Daratumumab for Newly Diagnosed Multiple Myeloma

Triplet therapy with bortezomib, lenalidomide, and dexamethasone (VRd), followed by autologous stem-cell transplant (ASCT) and lenalidomide maintenance is a standard of care for transplant-eligible myeloma patients. Investigators now report an industry-sponsored, multicenter, phase 3 trial comparing VRd to VRd plus the anti-CD38 antibody daratumumab (D-VRd) administered subcutaneously (1800 mg) with induction (4 cycles), post-ASCT consolidation (2 cycles), and lenalidomide maintenance therapy until disease progression.

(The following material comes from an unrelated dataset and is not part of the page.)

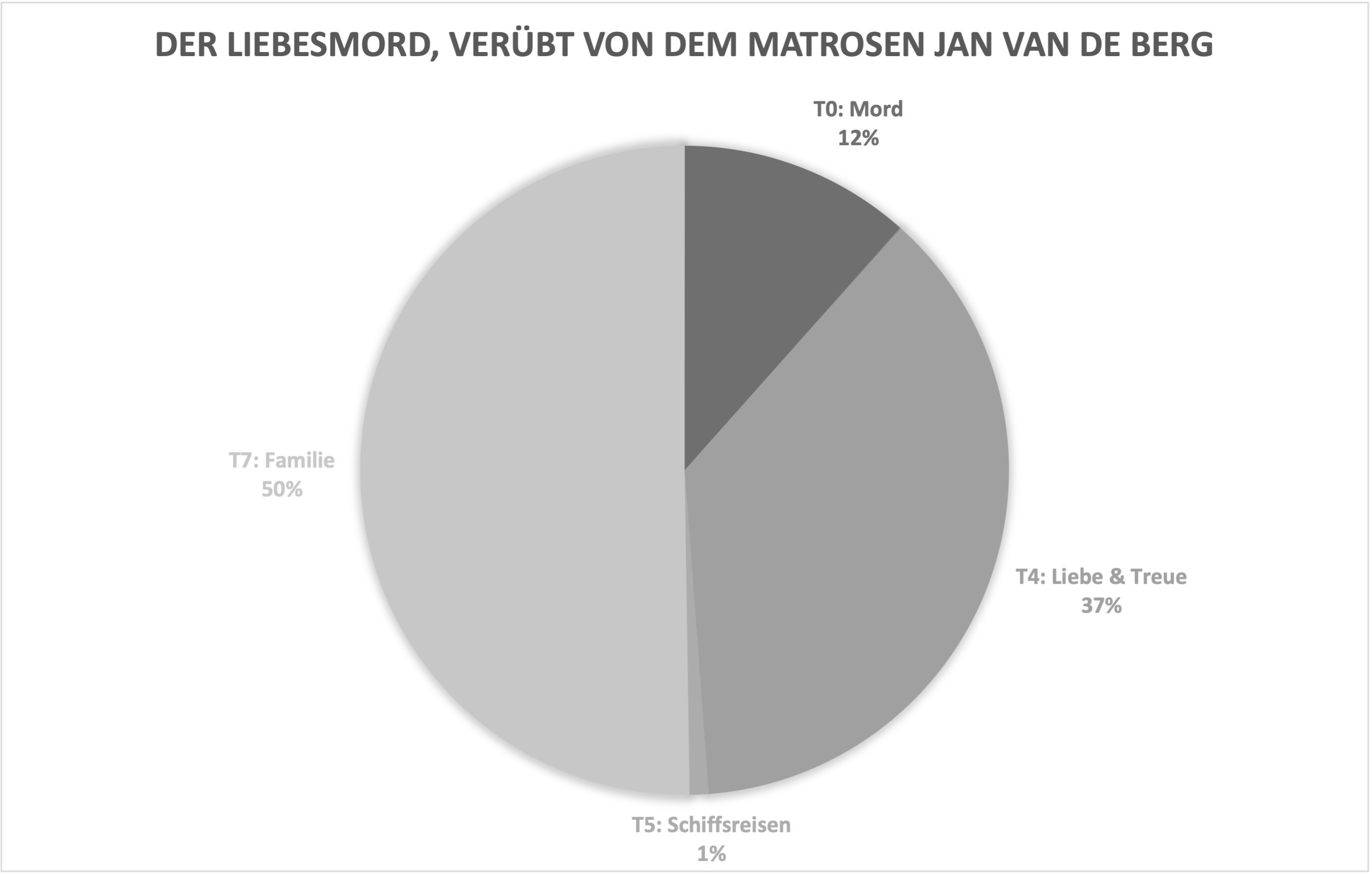 [41]Dass der Explosions-Druck noch einen zweiten Text enthält, der sehr viel informativer berichtet und (nach eigener Aussage) auf einem Zeitungsartikel beruht, ist ein Hinweis darauf, dass sich auch von Unglücksfällen unterschiedlich erzählen lässt.[97] Die Ergebnisse des Topic Modelings enthalten darauf jedoch diesmal keinen Hinweis, anders als etwa bei den Mord- und Verbrechensgeschichten. Die Erwähnung ›unsere(r) Elbe‹ ermöglicht allerdings eine Hypothese zu dem Befund, dass Schiffsunglücke in der Oldenburger Sammlung so prominent vertreten sind: Maritime Themen sind für norddeutsche Leser, aufgrund der Nähe zum Meer, vermutlich interessanter als beispielsweise Erzählungen von Bergwerkskatastrophen, die im Korpus nur einmal zu finden sind.[98] Wie schon bei dem Räuber-Thema, eignet sich das Topic Modeling auch wieder als Suchhilfe. So lassen sich maritime Themen auch dort entdecken, wo sie nur am Rande vorkommen, etwa im schon diskutierten Druck vom Liebesmord, verübt von dem Matrosen Jan van de Berg. Hier attestiert Mallet dem Thema ›Schiffsreisen‹ immerhin 1 % und erweist sich damit als feinfühlig für die Themenmischung des Textes (Abbildung 11), in dem eine Schiffsreise die lange Abwesenheit des Matrosen begründet.

A total of 709 transplant-eligible patients aged 18–70 years were randomized; 9 (1.3%) were Black and 10 (1.4%) were Asian. At a median follow-up of 48 months, the primary endpoint — progression-free survival (PFS) — was significantly better in the D-VRd group (hazard ratio for disease progression or death, 0.42). Estimated PFS rates were 84% in the D-VRd group versus 68% in the VRd group. Two key secondary endpoints — complete response or better and minimal residual disease (MRD)–negative status — also favored D-VRd. Data on overall survival were immature.

The most common grade 3 or 4 adverse events in the D-VRd and VRd groups included neutropenia (62% and 51%, respectively) and thrombocytopenia (29% and 17%). Serious adverse events occurred in 57% of the D-VRd group and 49% of the VRd group, and adverse events leading to treatment discontinuation occurred in 9% and 21%, respectively.